Intraspecies diversity revealed using VIRGO (human vaginal nonredundant gene catalog) of seven vaginal species including L. crispatus, L. iners, L. jensenii, L. gasseri, and G. vaginalis, A. vaginae and P. timonensis. (a) Summary of the number (N) of isolate genomes and metagenome (MG) samples with more than 80% of their average genome’s number of coding genes for a species, based on a dataset of 1507 in-house vaginal metagenomes characterized using VIRGO. (b) Boxplot of number nonredundant genes in isolate genomes versus vaginal metagenomes. (c) Heatmap of presence/absence of L. crispatus nonredundant gene profiles for 56 available isolate genomes and 413 VIRGO-characterized metagenomes that contained either high (red) or low (blue) relative abundance of the species. Hierarchical clustering of the profiles was performed using ward linkage based on their Jaccard similarity coefficient. ∗number of isolate genomes and metagenome samples. MG: Metagenomes ∗p < 0.05, ∗∗∗p < 0.001 after correction for multiple comparisons. Figure reproduced from Ma et al. (2019)

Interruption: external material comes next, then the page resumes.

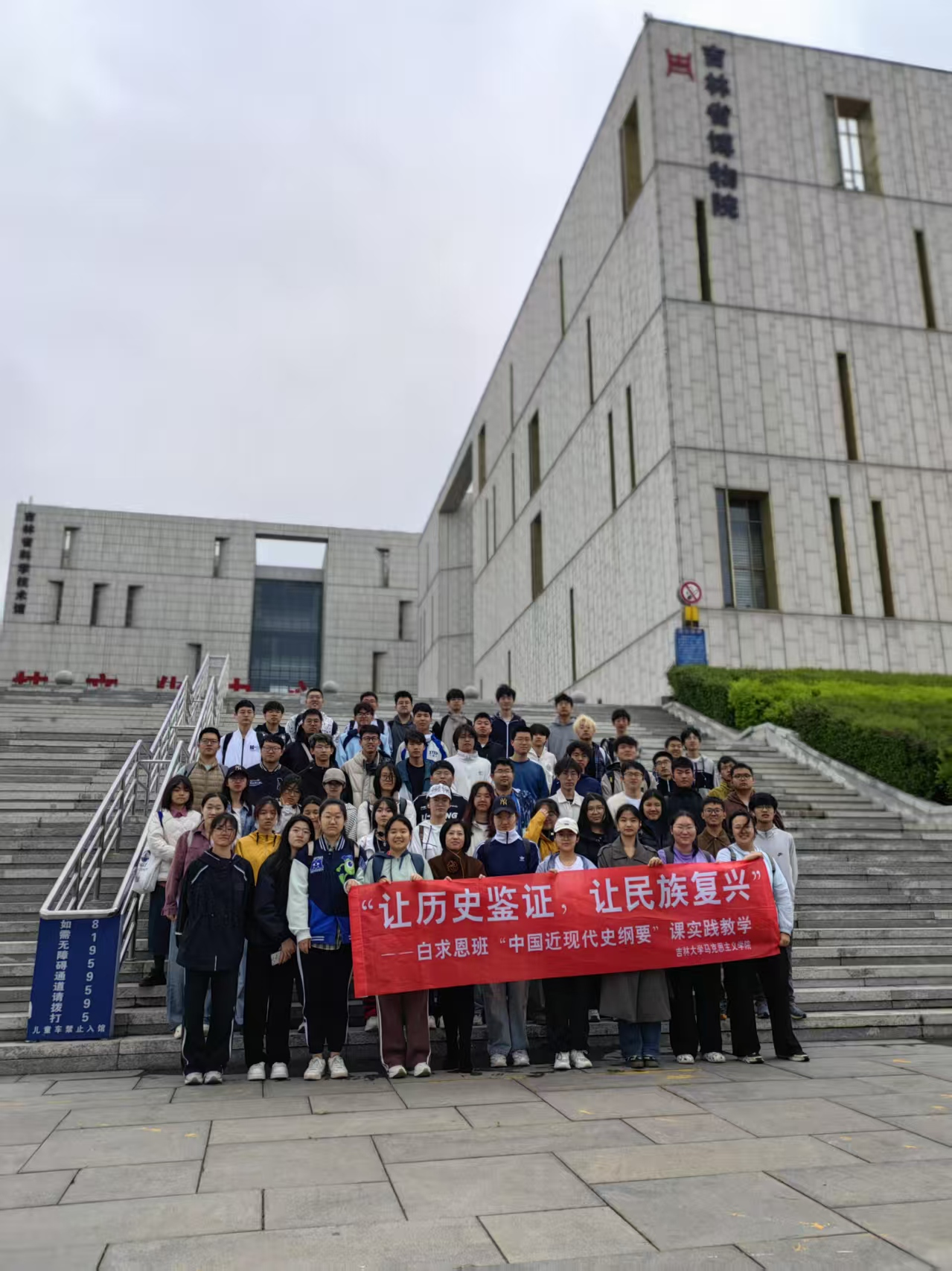 白山巍峨,松水东流。在这片黑土地上,为了争取民族独立和解放,反抗压迫和侵略,吉林人民用百年抗争谱写了一曲气壮山河的英雄史诗。从最开始的反抗帝国主义和封建主义的统治,到反法西斯战争的爆发,再到驱逐官僚资本,抗争的对象不断更改,不变的是救亡图存的意志和人民当家作主的决心。破晓之后,朝阳初升。为了铭记先辈们“挽狂澜于既倒”的坚定信念和不屈意志,永利yl23411李艳梅老师依托中国近现代史纲要课实践教学内容,在5月17日上午带领永利yl234112024级白求恩实验班的同学们到吉林省博物馆的“破晓—吉林人民革命斗争史陈列”展厅参观学习。
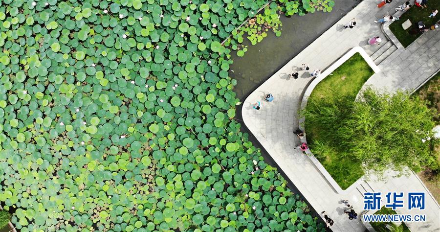 6月19日拍攝的大明湖畔的荷花池(無人機照片)。近日,山東濟南大明湖的荷花陸續(xù)綻放,吸引游客前來觀賞。新華社記者 王凱 攝

VIRGO has afforded a different view of the vaginal microbiome, where each population is composed of complex mixtures of multiple strains, highlighting the large amount of intraspecies diversity present in these communities. We found that, in general, the majority of a species’ genes are meta-pangenomic accessory genes. For example, for Lactobacillus crispatus, the number of meta-pangenomic accessory genes is twice as many as the number of meta-pangenomic core genes (Fig. 3c). G. vaginalis demonstrated particularly high intraspecies diversity, for which the core meta-pangenome does not even exist and the majority of the genes are accessory or sample specific, suggesting that the species should be split into multiple different species within the genus Gardnerella. We further observed three distinct metagenomic subspecies of L. gasseri, among which there were two distinct types and the third being a combination of the two (Fig. 3d). This suggests that there is environmental specialized co-colonization of L. gasseri strains in the vaginal environment. Future studies are needed to reveal the linkage between specific metagenomic subspecies and pathophysiological conditions.

6 Conclusion Remarks

The field of comparative genomics has bloomed from that initial genome comparison two decades ago. Thanks to advancements in cultivation-independent whole community sequencing technology and the increased availability of metagenome-assembled genomes, we have obtained unprecedented insights into the incredible amount of diversity present within microbial populations. Intraspecies diversity exceeds that found in our current reference genome databases. The pangenome paradigm expanded to metagenome-assembled genomes and metagenomic contigs comprehensively profile microbial genetic diversity in a specific habitat. However, the incorporation of metagenome-derived genomes has to be performed carefully with stringent quality assessment to avoid spurious inflation of gene content. The meta-pangenome concept unites pangenomics and metagenomics to obtain a more compete and ecologically meaningful view of different ecosystems. Meta-pangenomes and pan-metagenomes represent a critical step in the development of a systems-level understanding of microbial ecosystems.